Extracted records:
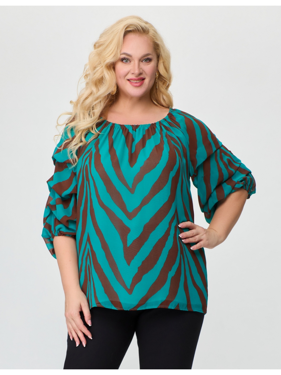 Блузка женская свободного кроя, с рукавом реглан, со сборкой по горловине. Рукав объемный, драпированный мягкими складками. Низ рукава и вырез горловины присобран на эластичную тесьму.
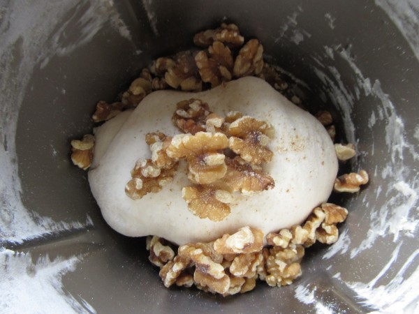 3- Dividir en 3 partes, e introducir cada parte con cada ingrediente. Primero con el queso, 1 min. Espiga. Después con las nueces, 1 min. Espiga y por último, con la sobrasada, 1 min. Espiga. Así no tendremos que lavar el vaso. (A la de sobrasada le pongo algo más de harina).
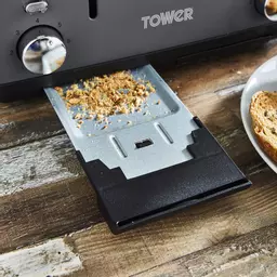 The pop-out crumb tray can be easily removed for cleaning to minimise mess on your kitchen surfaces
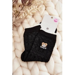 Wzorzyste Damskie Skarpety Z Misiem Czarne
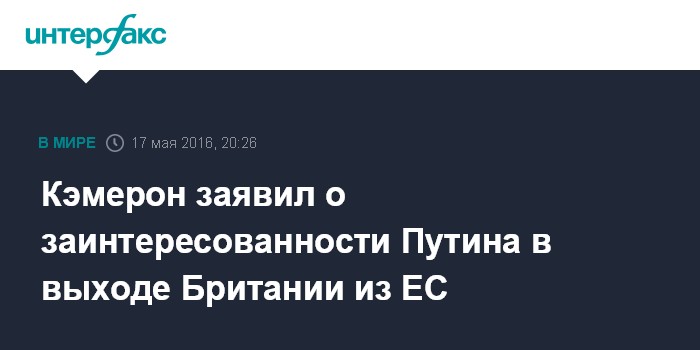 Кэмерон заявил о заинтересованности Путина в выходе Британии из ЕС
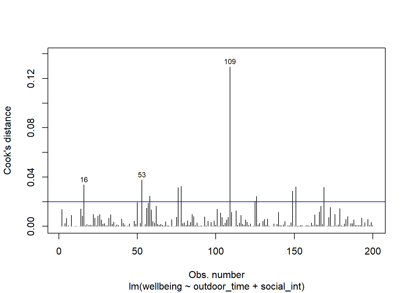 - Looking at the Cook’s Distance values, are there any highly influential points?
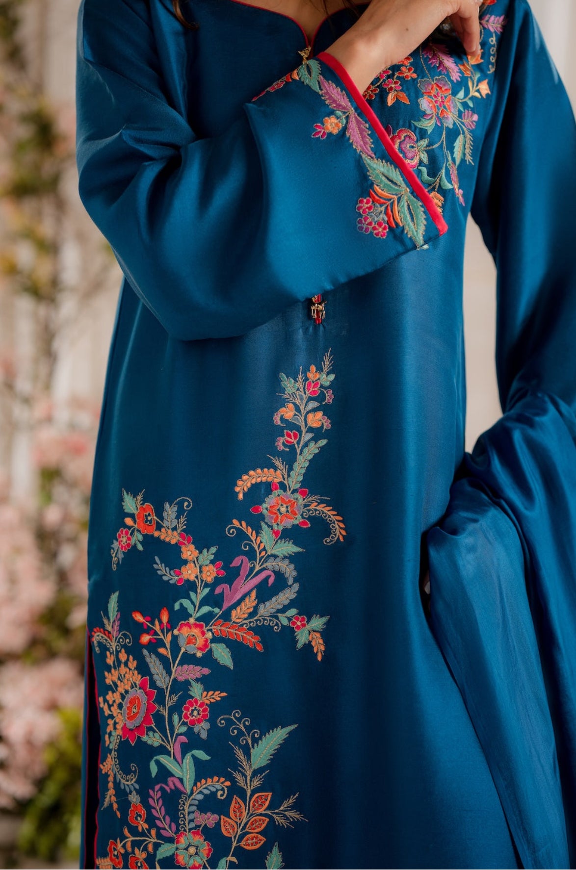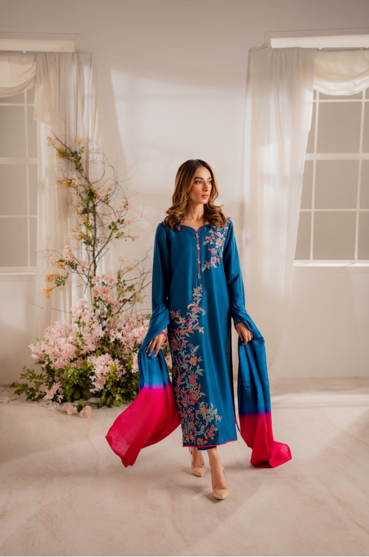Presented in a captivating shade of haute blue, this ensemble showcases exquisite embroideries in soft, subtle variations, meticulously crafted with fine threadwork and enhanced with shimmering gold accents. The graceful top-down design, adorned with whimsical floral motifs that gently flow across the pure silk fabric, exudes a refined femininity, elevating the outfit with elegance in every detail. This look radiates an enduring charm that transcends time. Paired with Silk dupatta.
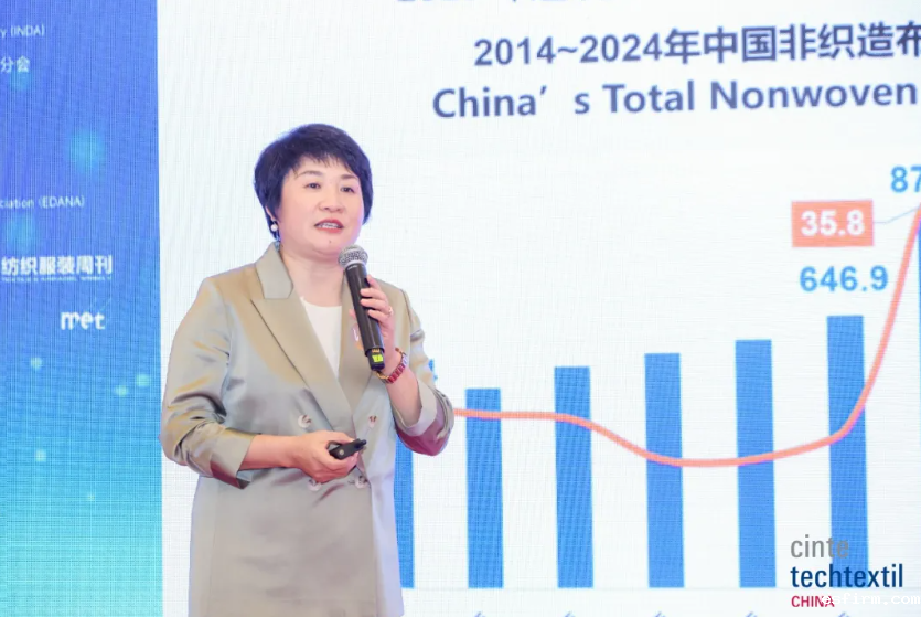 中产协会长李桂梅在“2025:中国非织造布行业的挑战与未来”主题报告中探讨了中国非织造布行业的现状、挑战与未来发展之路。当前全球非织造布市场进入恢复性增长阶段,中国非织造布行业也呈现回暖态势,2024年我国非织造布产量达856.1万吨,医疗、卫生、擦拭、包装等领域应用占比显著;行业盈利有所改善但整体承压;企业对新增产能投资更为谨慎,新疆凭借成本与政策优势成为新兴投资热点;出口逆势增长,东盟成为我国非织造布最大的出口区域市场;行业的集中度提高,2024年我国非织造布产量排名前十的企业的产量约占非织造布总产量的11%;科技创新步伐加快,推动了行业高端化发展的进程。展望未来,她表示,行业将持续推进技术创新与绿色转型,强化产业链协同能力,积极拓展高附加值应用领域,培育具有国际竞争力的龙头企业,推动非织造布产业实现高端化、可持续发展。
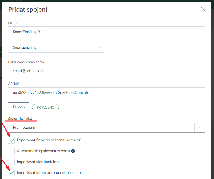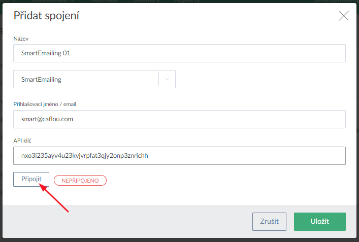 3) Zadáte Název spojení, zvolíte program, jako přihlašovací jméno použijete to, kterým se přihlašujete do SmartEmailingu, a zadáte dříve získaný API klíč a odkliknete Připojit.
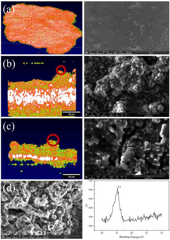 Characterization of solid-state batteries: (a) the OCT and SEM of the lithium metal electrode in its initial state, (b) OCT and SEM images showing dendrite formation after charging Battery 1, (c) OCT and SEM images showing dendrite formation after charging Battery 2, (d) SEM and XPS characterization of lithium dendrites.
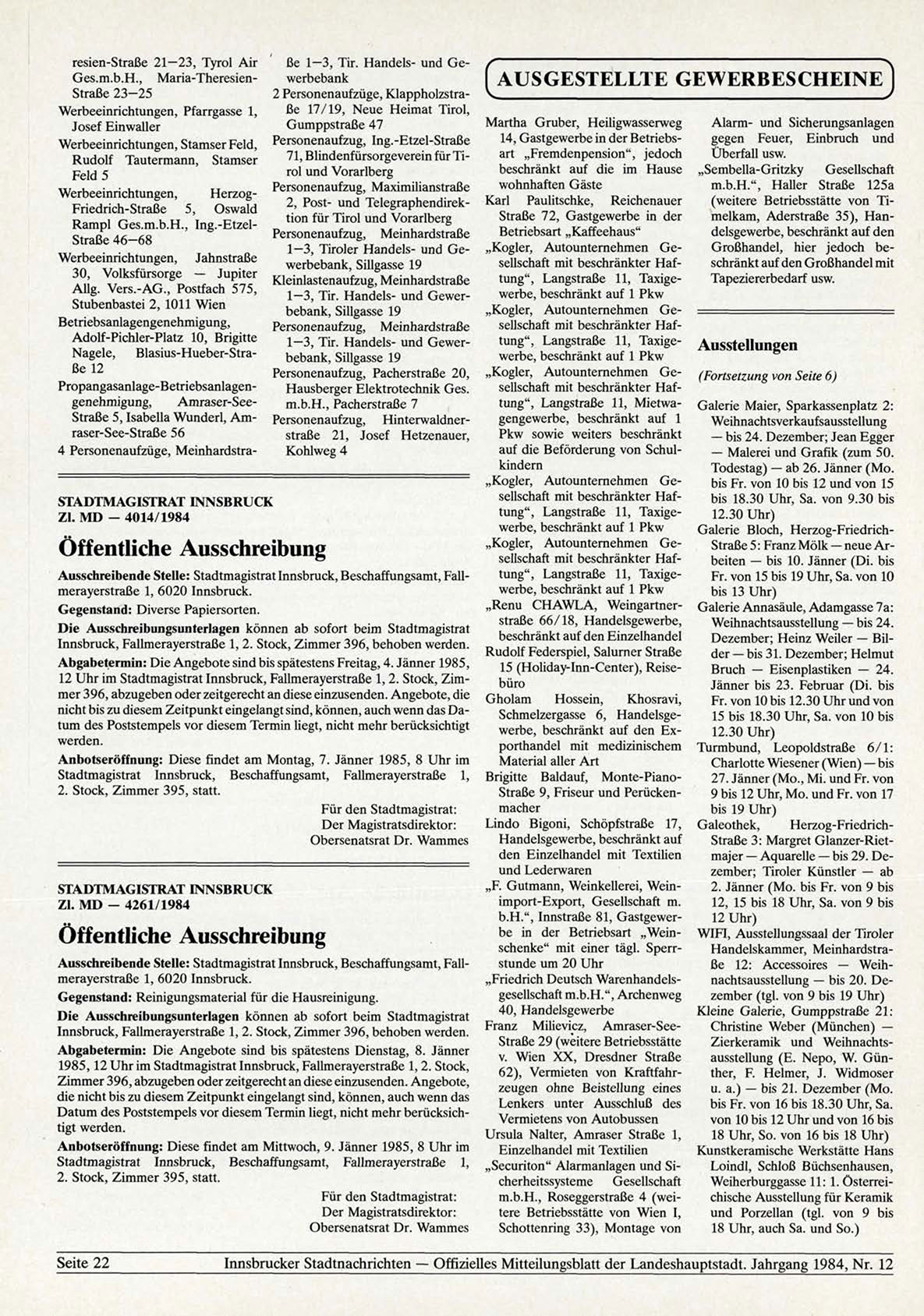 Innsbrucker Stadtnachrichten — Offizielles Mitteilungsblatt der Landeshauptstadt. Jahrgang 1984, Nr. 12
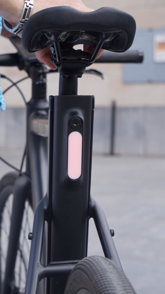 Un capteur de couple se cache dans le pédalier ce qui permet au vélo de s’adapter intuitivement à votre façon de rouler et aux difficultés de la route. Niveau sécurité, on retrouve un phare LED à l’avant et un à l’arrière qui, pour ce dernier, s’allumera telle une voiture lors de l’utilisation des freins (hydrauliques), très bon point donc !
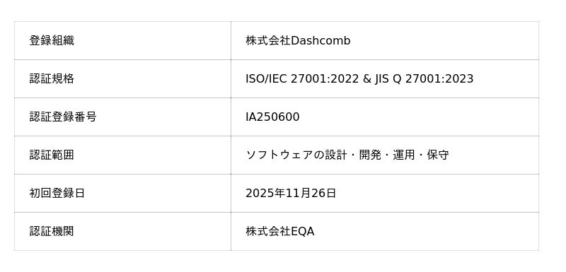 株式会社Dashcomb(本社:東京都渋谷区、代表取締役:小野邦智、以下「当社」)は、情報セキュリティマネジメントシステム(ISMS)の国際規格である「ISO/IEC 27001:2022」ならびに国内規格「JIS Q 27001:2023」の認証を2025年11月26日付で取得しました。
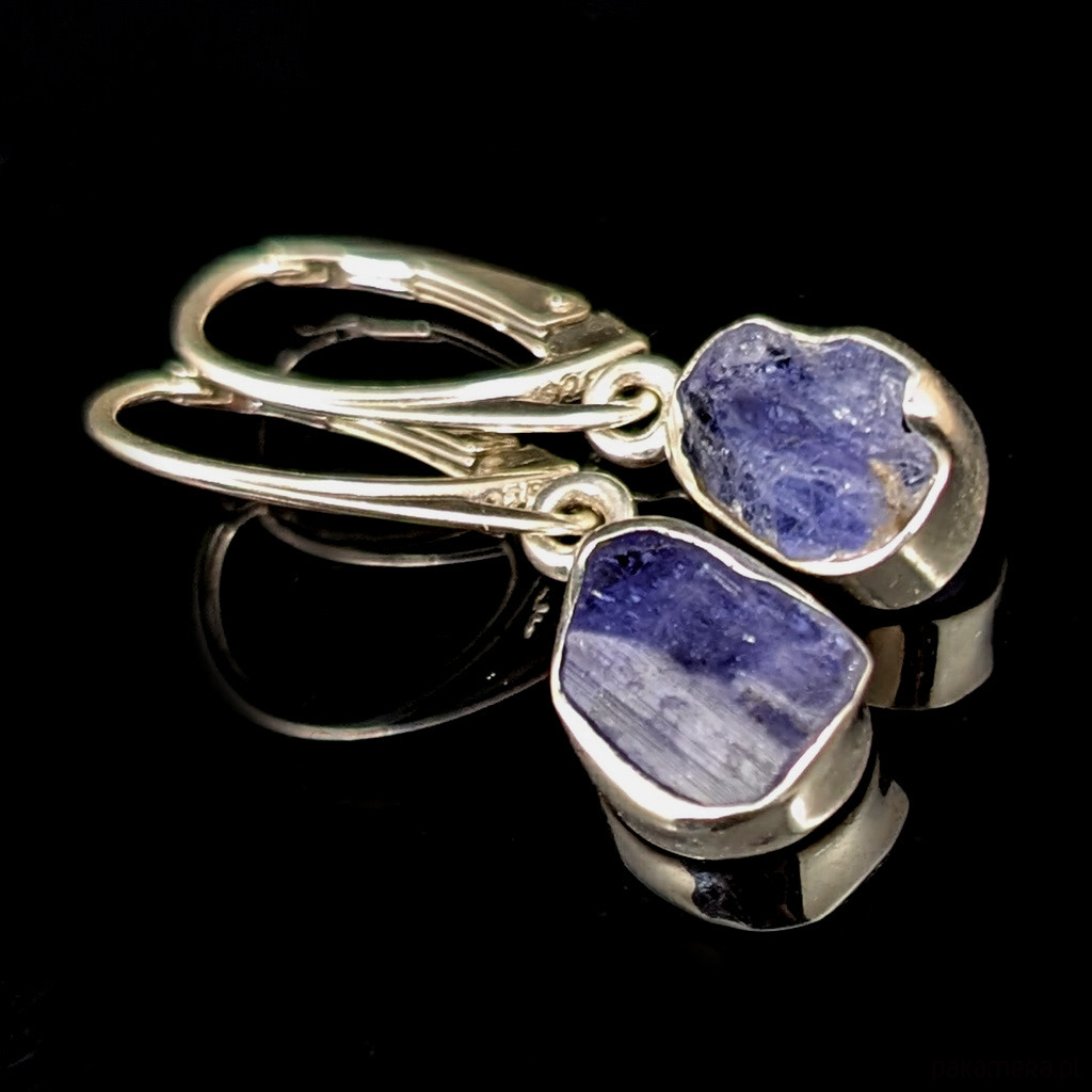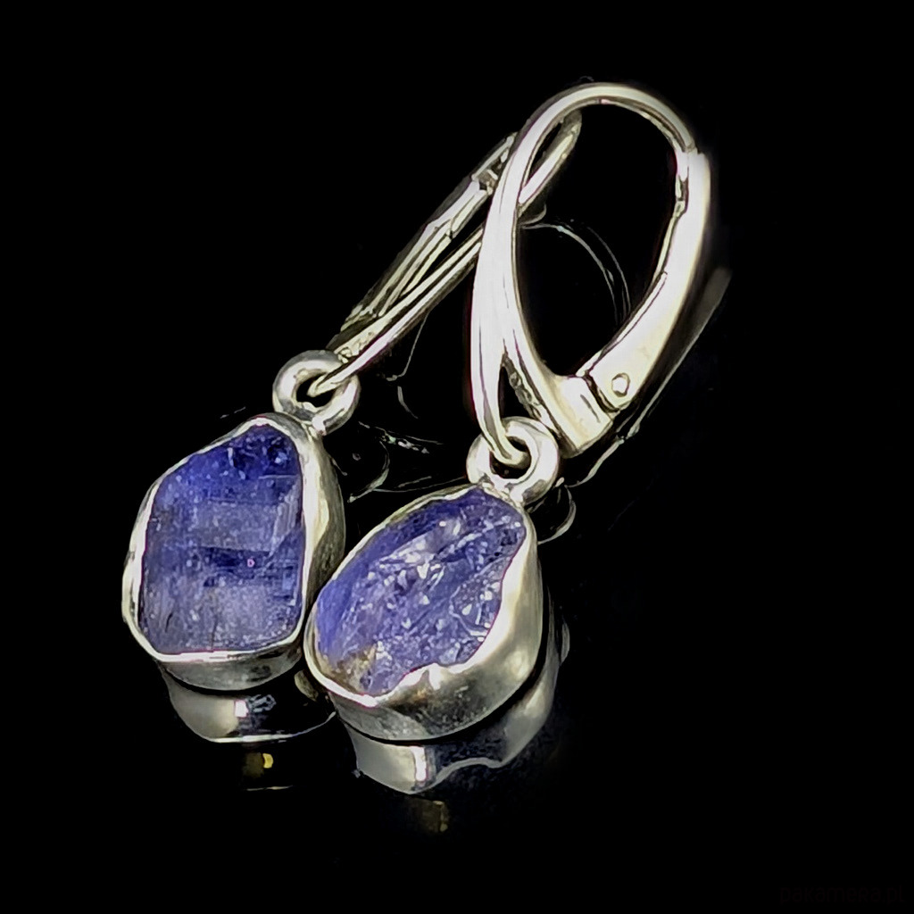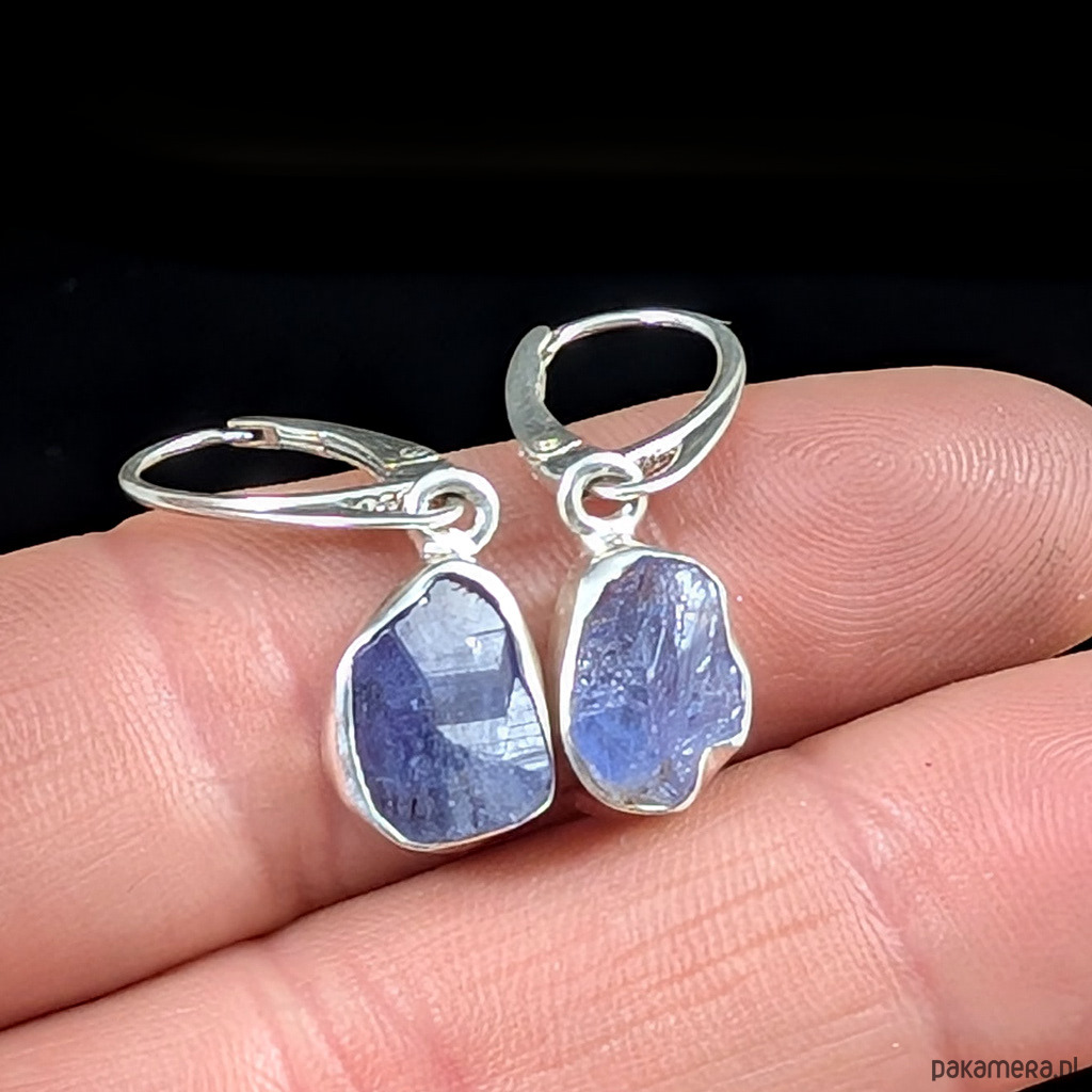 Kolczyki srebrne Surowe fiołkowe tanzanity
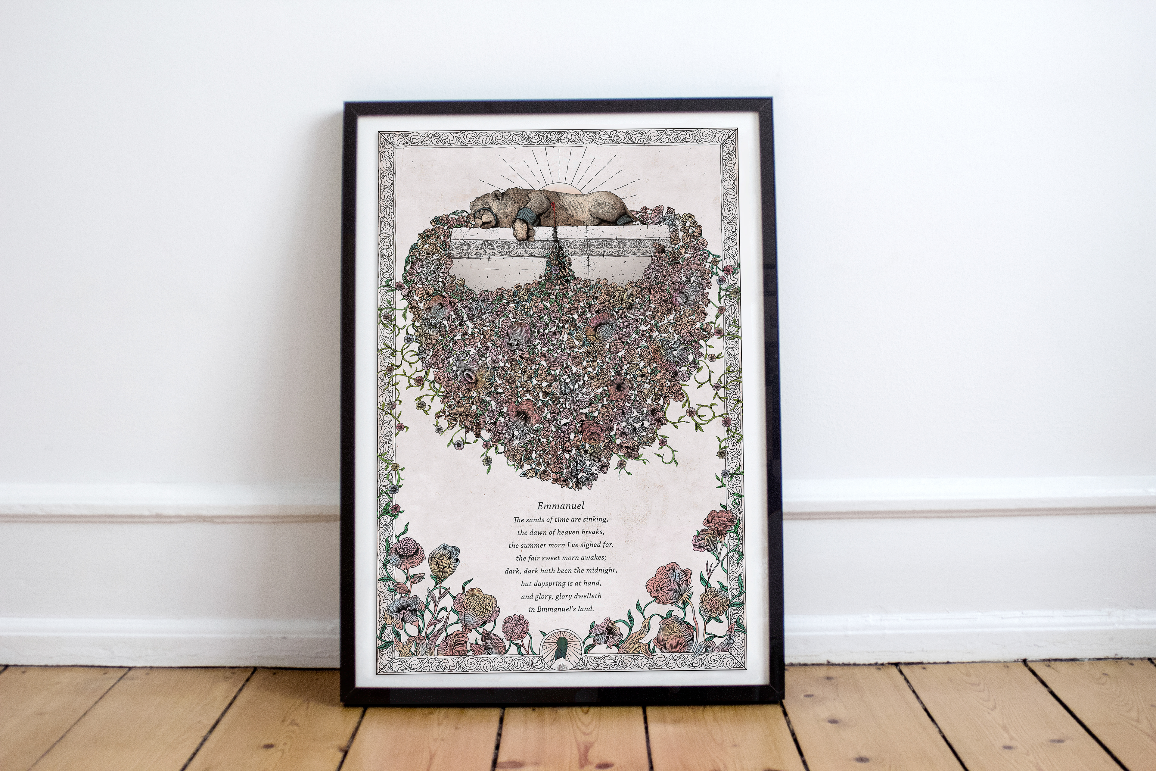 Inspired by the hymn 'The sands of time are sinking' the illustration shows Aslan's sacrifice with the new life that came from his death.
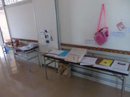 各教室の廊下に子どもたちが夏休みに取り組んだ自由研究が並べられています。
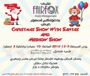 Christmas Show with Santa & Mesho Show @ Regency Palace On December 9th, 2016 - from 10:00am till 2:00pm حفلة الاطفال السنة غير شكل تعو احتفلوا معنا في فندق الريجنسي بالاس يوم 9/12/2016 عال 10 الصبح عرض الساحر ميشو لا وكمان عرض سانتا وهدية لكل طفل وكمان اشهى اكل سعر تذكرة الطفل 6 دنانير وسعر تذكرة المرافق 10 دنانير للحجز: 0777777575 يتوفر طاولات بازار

**EXERCISE INSTRUCTIONS:**
Write the records out again exactly; none of the pictures belong in the copy.

**WRITTEN RESPONSE:**
 Блузка женская свободного кроя, с рукавом реглан, со сборкой по горловине. Рукав объемный, драпированный мягкими складками. Низ рукава и вырез горловины присобран на эластичную тесьму.
 3- Dividir en 3 partes, e introducir cada parte con cada ingrediente. Primero con el queso, 1 min. Espiga. Después con las nueces, 1 min. Espiga y por último, con la sobrasada, 1 min. Espiga. Así no tendremos que lavar el vaso. (A la de sobrasada le pongo algo más de harina).
 The pop-out crumb tray can be easily removed for cleaning to minimise mess on your kitchen surfaces
 Wzorzyste Damskie Skarpety Z Misiem Czarne
 Кэмерон заявил о заинтересованности Путина в выходе Британии из ЕС
 - Looking at the Cook’s Distance values, are there any highly influential points?
Presented in a captivating shade of haute blue, this ensemble showcases exquisite embroideries in soft, subtle variations, meticulously crafted with fine threadwork and enhanced with shimmering gold accents. The graceful top-down design, adorned with whimsical floral motifs that gently flow across the pure silk fabric, exudes a refined femininity, elevating the outfit with elegance in every detail. This look radiates an enduring charm that transcends time. Paired with Silk dupatta.
 中产协会长李桂梅在“2025:中国非织造布行业的挑战与未来”主题报告中探讨了中国非织造布行业的现状、挑战与未来发展之路。当前全球非织造布市场进入恢复性增长阶段,中国非织造布行业也呈现回暖态势,2024年我国非织造布产量达856.1万吨,医疗、卫生、擦拭、包装等领域应用占比显著;行业盈利有所改善但整体承压;企业对新增产能投资更为谨慎,新疆凭借成本与政策优势成为新兴投资热点;出口逆势增长,东盟成为我国非织造布最大的出口区域市场;行业的集中度提高,2024年我国非织造布产量排名前十的企业的产量约占非织造布总产量的11%;科技创新步伐加快,推动了行业高端化发展的进程。展望未来,她表示,行业将持续推进技术创新与绿色转型,强化产业链协同能力,积极拓展高附加值应用领域,培育具有国际竞争力的龙头企业,推动非织造布产业实现高端化、可持续发展。
 3) Zadáte Název spojení, zvolíte program, jako přihlašovací jméno použijete to, kterým se přihlašujete do SmartEmailingu, a zadáte dříve získaný API klíč a odkliknete Připojit.
 Characterization of solid-state batteries: (a) the OCT and SEM of the lithium metal electrode in its initial state, (b) OCT and SEM images showing dendrite formation after charging Battery 1, (c) OCT and SEM images showing dendrite formation after charging Battery 2, (d) SEM and XPS characterization of lithium dendrites.
 Innsbrucker Stadtnachrichten — Offizielles Mitteilungsblatt der Landeshauptstadt. Jahrgang 1984, Nr. 12
 Un capteur de couple se cache dans le pédalier ce qui permet au vélo de s’adapter intuitivement à votre façon de rouler et aux difficultés de la route. Niveau sécurité, on retrouve un phare LED à l’avant et un à l’arrière qui, pour ce dernier, s’allumera telle une voiture lors de l’utilisation des freins (hydrauliques), très bon point donc !
 株式会社Dashcomb(本社:東京都渋谷区、代表取締役:小野邦智、以下「当社」)は、情報セキュリティマネジメントシステム(ISMS)の国際規格である「ISO/IEC 27001:2022」ならびに国内規格「JIS Q 27001:2023」の認証を2025年11月26日付で取得しました。
 Kolczyki srebrne Surowe fiołkowe tanzanity
 Inspired by the hymn 'The sands of time are sinking' the illustration shows Aslan's sacrifice with the new life that came from his death.
 各教室の廊下に子どもたちが夏休みに取り組んだ自由研究が並べられています。
 Christmas Show with Santa & Mesho Show @ Regency Palace On December 9th, 2016 - from 10:00am till 2:00pm حفلة الاطفال السنة غير شكل تعو احتفلوا معنا في فندق الريجنسي بالاس يوم 9/12/2016 عال 10 الصبح عرض الساحر ميشو لا وكمان عرض سانتا وهدية لكل طفل وكمان اشهى اكل سعر تذكرة الطفل 6 دنانير وسعر تذكرة المرافق 10 دنانير للحجز: 0777777575 يتوفر طاولات بازار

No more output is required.